- ACTION ITEM -
All of the data should be restated word for word, with the pictures omitted.

- GIVEN DATA -

"""

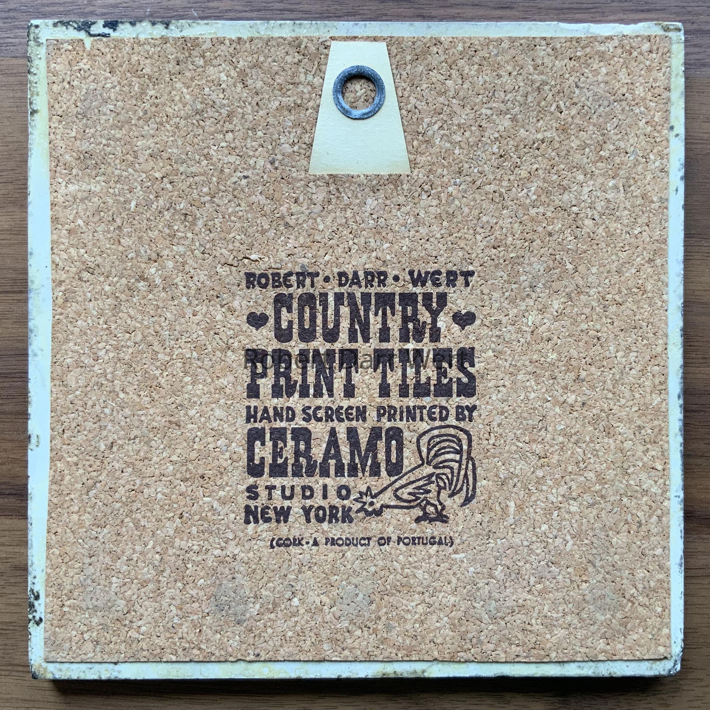 First produced c.1956 and soon discontinued, this tile bears the full cork backing Country Prints/Ceramo Studio began using c.1962, indicating it was reintroduced in the early 1960’s.
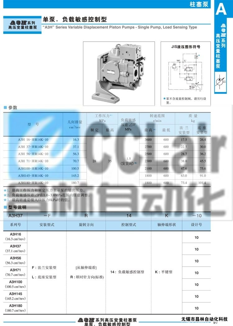 A3H56-FR14K-10,A3H56-LR14K-10,A3H71-FR14K-10,A3H71-LR14K-10,高壓變量柱塞泵
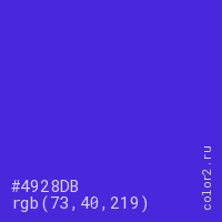 Цвет #4928DB в цветовой модели RGB обозначается тремя октетами (73, 40, 219) в десятичном формате и #4928DB в шестнадцатиричном (hex) формате, которые являются интенсивностью красного 73 (hex 49), интенсивность зелёного 40 (hex 28) и интенсивность синего 219 (hex DB).

"""

- REPLY TO THE TASK -
 First produced c.1956 and soon discontinued, this tile bears the full cork backing Country Prints/Ceramo Studio began using c.1962, indicating it was reintroduced in the early 1960’s.
 A3H56-FR14K-10,A3H56-LR14K-10,A3H71-FR14K-10,A3H71-LR14K-10,高壓變量柱塞泵
 Цвет #4928DB в цветовой модели RGB обозначается тремя октетами (73, 40, 219) в десятичном формате и #4928DB в шестнадцатиричном (hex) формате, которые являются интенсивностью красного 73 (hex 49), интенсивность зелёного 40 (hex 28) и интенсивность синего 219 (hex DB).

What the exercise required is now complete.